From: eprints-tech-bounces@ecs.soton.ac.uk [mailto:eprints-tech-bounces@ecs.soton.ac.uk] On Behalf Of David R Newman via Eprints-tech
Sent: 27 January 2021 12:12
To: eprints-tech@ecs.soton.ac.uk; martin.braendle@uzh.ch; systems <systems@mdc-berlin.de>
Subject: Re: [EP-tech] Antwort: Re: [ext] Re: [3.4.2] Wrong status of indexer on the admin site

 

Hi Martin,

Although getting EPrints to work nicely in a distributed environment would be a great thing to have, it feels like a Herculean task, as there are so many aspects of EPrints that would need to be considered.  It would certainly be a very interesting project that I would like to be involved with if time permits.  However, it may be better led by someone like yourself who has had greater experience adapting your EPrints repository into one that works in a somewhat distributed manner.

I am happy to get together for a online chat (e.g. Zoom, Teams, Jitsi, etc.) to discuss how we might take this forward.  It would be good to have other people involved in this initial chat (although experience tells me that many more than six people in a video call starts to get a bit manic).  Feel free to suggest some times and dates you are free for such a discussion and we can figure out how/when to do this.

Regards

David Newman

On 27/01/2021 11:32, Martin Braendle via Eprints-tech wrote:

CAUTION: This e-mail originated outside the University of Southampton.

Hi David,

interesting thread. In our case, we have a three-server setup running on a shared file system.
The indexer runs on a compute node that also carries out all the cronjobs so that the web servers are free for their task to serve to the Web.
Calling cgi/counter on one of the web servers will always tell us that there is no indexer running because there is no matching process id from the indexer.pid file on the compute node.
Also, starting/stopping the indexer would just start another instance on the web server node  (and probably raise a conflict in the indexer.pid file). So we never do that this way, but via console or scripts (e.g. in the case of automated backups of the Xapian index).

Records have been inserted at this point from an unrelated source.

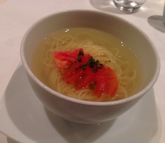 〆の麺は夏季限定のトマトとアサリのコンソメスープの冷やしそばでさっぱりと。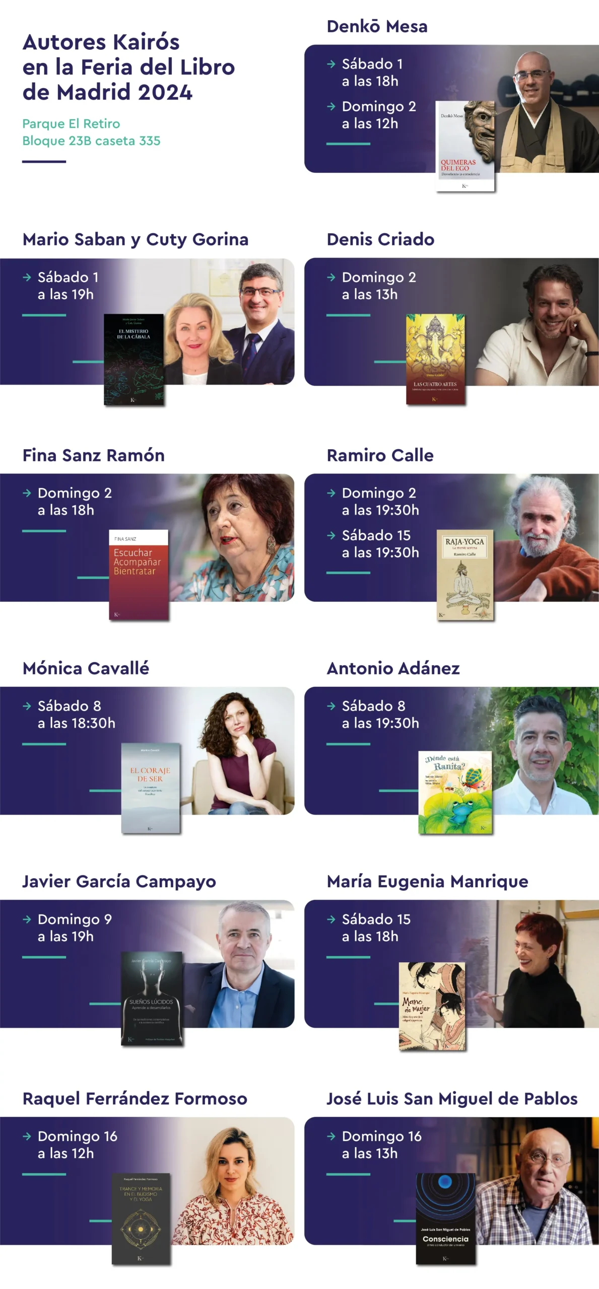 Nota: Esta tabla es solo un ejemplo. La información real debe ser consultada en la programación oficial de la Feria del Libro de Madrid.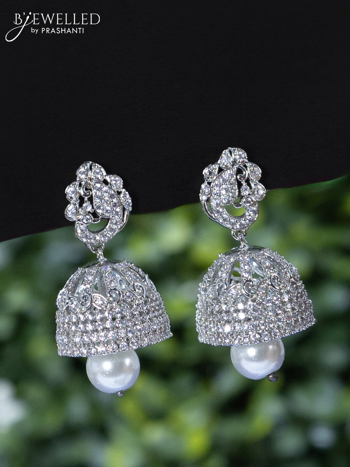 Zircon necklace peacock design with emerald & cz stones and pearl hangings

Which brings us to the topic that EPrints never really has been made for a distributed environment - any plans that this will change in the future?

Kind regards,

Martin

--
Dr. Martin Brändle
Zentrale Informatik
Universität Zürich
Stampfenbachstr. 73
CH-8006 Zürich


Inactive hide details for "systems via
            Eprints-tech" ---27/01/2021 12:02:49---CAUTION: This
            e-mail originated outside the Unive"systems via Eprints-tech" ---27/01/2021 12:02:49---CAUTION: This e-mail originated outside the University of Southampton. Hi David,

Von: "systems via Eprints-tech" <eprints-tech@ecs.soton.ac.uk>
An: <eprints-tech@ecs.soton.ac.uk>
Datum: 27/01/2021 12:02
Betreff: Re: [EP-tech] [ext] Re: [3.4.2] Wrong status of indexer on the admin site
Gesendet von: <eprints-tech-bounces@ecs.soton.ac.uk>





CAUTION: This e-mail originated outside the University of Southampton.

Hi David,
I only see the button "start indexer".
The page says that the indexer is stopped, but the indexer process is alive.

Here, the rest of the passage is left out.